Stored records:
● ● ● ●
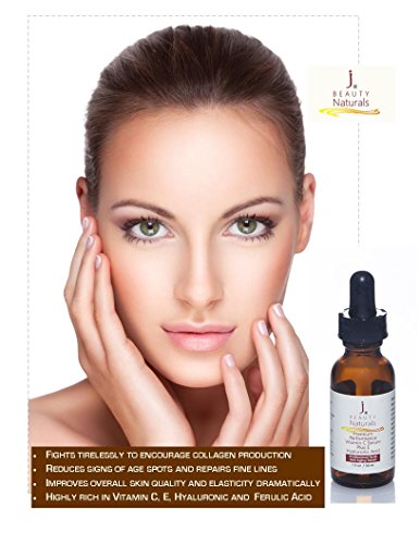 [Product Information]- PROVEN HELP FOR SMILE LINES & WRINKLES, DARK CIRCLES, AGE SPOTS, CROW’S FEET, PUFFY EYES, DULL SKIN! At last, Science has discovered the secret of looking younger. J BEAUTY Naturals Clinically Potent 20% vitamin C protects against UV damage, smooths the look of stubborn fine lines, slows down skin aging, diminishes the look of dark circles, and provides radiant skin glow.
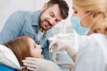 Dental drill close-up. Child dentist drilling teeth of kid girl in dentistry clinic. Teeth treatment. Dental filling for child patient
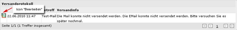 Automatisch erzeugt das System ein Versandprotokoll mit einer entsprechenden Statuszeile, ob die Email versendet worden konnte. Das Versandprotokoll wird im System automatisch gespeichert, so dass jederzeit eine Recherche möglich ist. Um das Versandprotokoll einzusehen, muss der Benutzer auf das Icon „“ drücken. Anschließend zeigt ihm das System die entsprechende Email mit den dazugehörigen Daten.
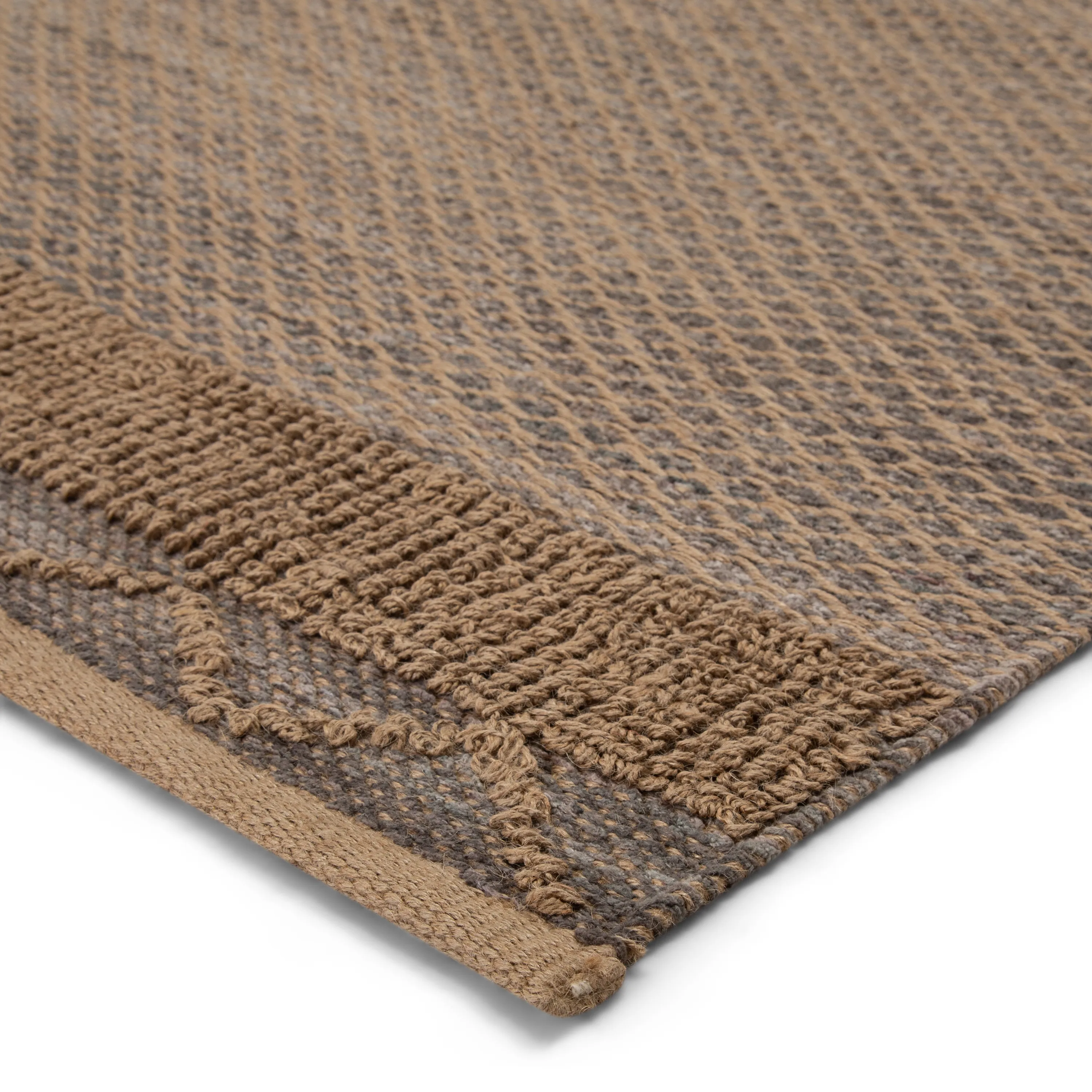The Somerset collection features a unique blend of natural fibers and soft, inviting rayon. With a relaxed, bohemian vibe, the Curran rug's tan and gray colorway grounds spaces with a chic diamond lattice pattern and boucle border.
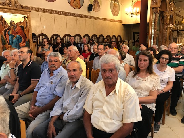 Στο τέλος της εκδήλωσης, ο Εφημέριος του Ιερού Ναού π. Νικόλαος Κατσηδήμας εκ μέρους του Εκκλησιαστικού Συμβουλίου, απένειμε τιμητική πλακέτα στον ακάματο Πρόεδρο του Συνδέσμου Πολεμιστών-Τραυματιών Κύπρου κ. Αθανάσιο Δασκόπουλο, ως αντίδωρο τιμής και ευγνωμοσύνης στους Ήρωες και Αγνοουμένους της Κυπριακής Τραγωδίας, κατά την επέλαση του Αττίλα τον Ιούλιο του 1974.
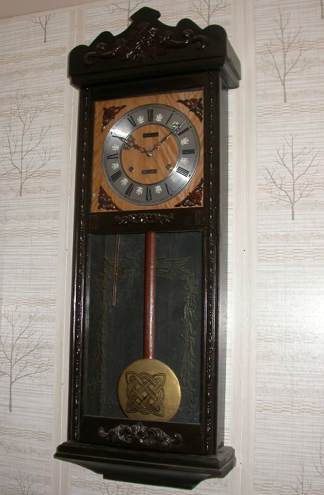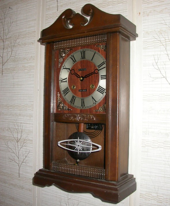 Jupitor 31 Day Wall or Shelf Regulator Clock - t0607 This pretty regulator clock was made in the 1960-70s by the Jupitor Clock Company of Korea. Clock has been designed either be hung on a wall or stood on a shelf. The 31 day movement is original and has been completely overhauled and restored to great working condition. The gorgeous brown case with its gleaming chromed pendulum is in good condition. Clock strikes out the hour and half hour on a melodious deep gong. Key and pendulum are included. It measures 12.25 inches by 5 inches by 22.5 inches high. Price: $300.00Cdn Contact us |
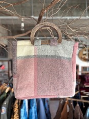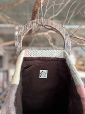 スケートボードデッキを再利用して製作したウッドハンドルに、イギリス製のブランケット生地を用いたオリジナルトートバッグ。ライナーには帆布生地を使用し、内ポケットも備えています。取手の形、ブランケットパターン、ライナーカラーとそれぞれに異なる一点もの仕様。上質なウール生地と、オイル仕上げで磨かれたハンドルの組み合わせは、コーディネートの主役になる存在感があります。重くなりがちな秋冬スタイルのアクセントにいかがでしょうか。
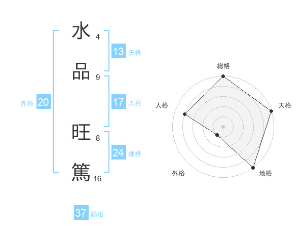 水品 旺篤さんを姓名の画数から五運を鑑定
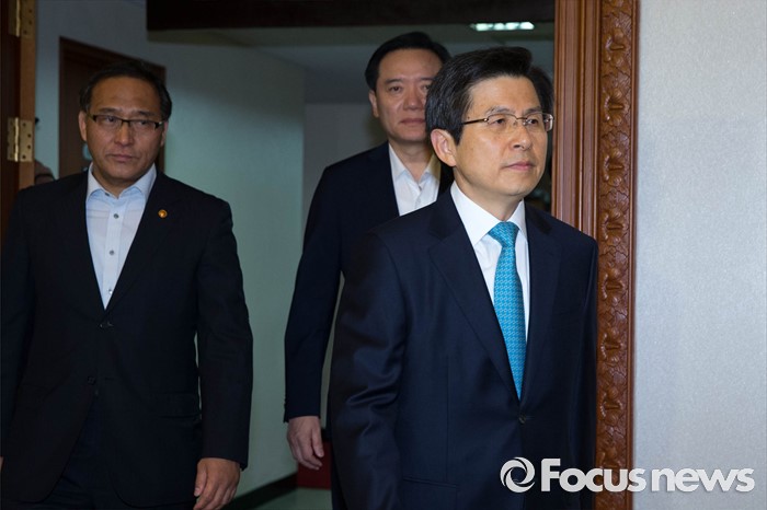 (서울=포커스뉴스) 황교안 국무총리가 27일 오전 서울 종로구 정부서울청사에서 열린 임시 국무회의에 참석하기 위해 회의실로 입장하고 있다.
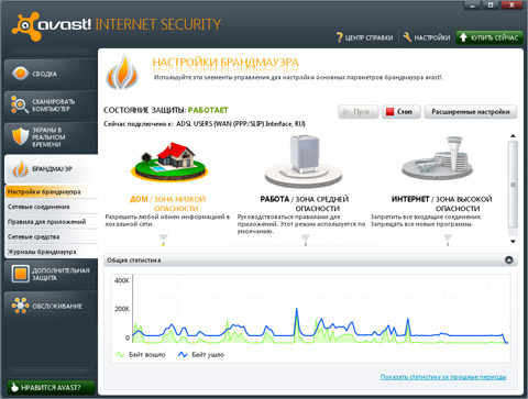 “Настройки брандмауэра” - контролирует все рабочие сети. Для упрощения контроля каждой рабочей сети нужно присвоить один из трех режимов: “Работа”, “Интернет”. Не стоит сравнивать встроенный в avast! брандмауэр с профессиональными решениями - с ними ему не потягаться. Однако он на порядок лучше брандмауэра Windows.
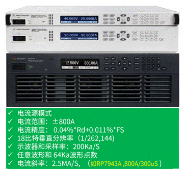 是德科技APS系列先進(jìn)電源系統(tǒng),單機(jī)最大電流達(dá)800A,0.04%的讀數(shù)精度,內(nèi)置任意波形可輸出正弦波、方波、掃頻等各種波形,同時(shí)200Ksa/s、18比特高精度采樣的測量能量,成為越來越多毫歐、微歐精密電阻校準(zhǔn),電流互感器校驗(yàn),超導(dǎo)材料驗(yàn)證,熔斷器、繼電器、線束和端子等大電流、低電阻測試的首選。
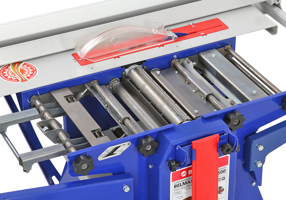 Пильный узел станка рассчитан на установку дисков диаметром 315 мм, что позволяет распускать заготовки до 117 мм высотой. Столы (пильный и строгальные) при этом образуют единую рабочую достаточно большую поверхность. Настройка высоты пропила происходит за счет изменения положения режущего инструмента. Кроме пильных дисков можно устанавливать дисковые фрезы диаметром 125 мм, шириной до 10 мм.
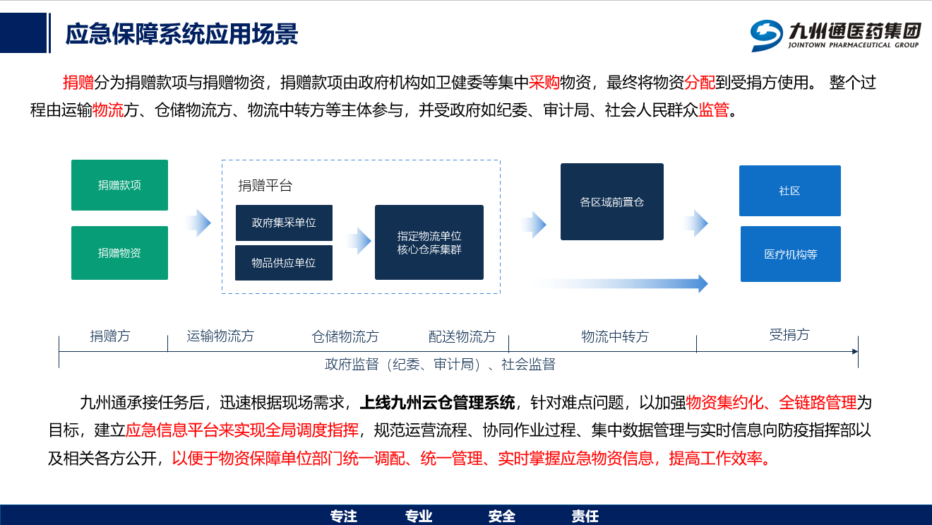 应急保障问题说起来简单,将捐赠物资进行分类,用系统管理,让所有参与方知道物资流向,通过物流配送到受赠方,但实际操作很难。由于是捐赠物资,所以同时要接受政府(纪委、审计局)和社会监督。
● ● ● ●
* [PROBLEM REQUIREMENTS]:
Only the lines from the start of the records to the line with "Dental drill close-up." belong in the copy. Print them exactly, minus pictures.

* [ANSWER TO THE EXERCISE]:
 [Product Information]- PROVEN HELP FOR SMILE LINES & WRINKLES, DARK CIRCLES, AGE SPOTS, CROW’S FEET, PUFFY EYES, DULL SKIN! At last, Science has discovered the secret of looking younger. J BEAUTY Naturals Clinically Potent 20% vitamin C protects against UV damage, smooths the look of stubborn fine lines, slows down skin aging, diminishes the look of dark circles, and provides radiant skin glow.
 Dental drill close-up. Child dentist drilling teeth of kid girl in dentistry clinic. Teeth treatment. Dental filling for child patient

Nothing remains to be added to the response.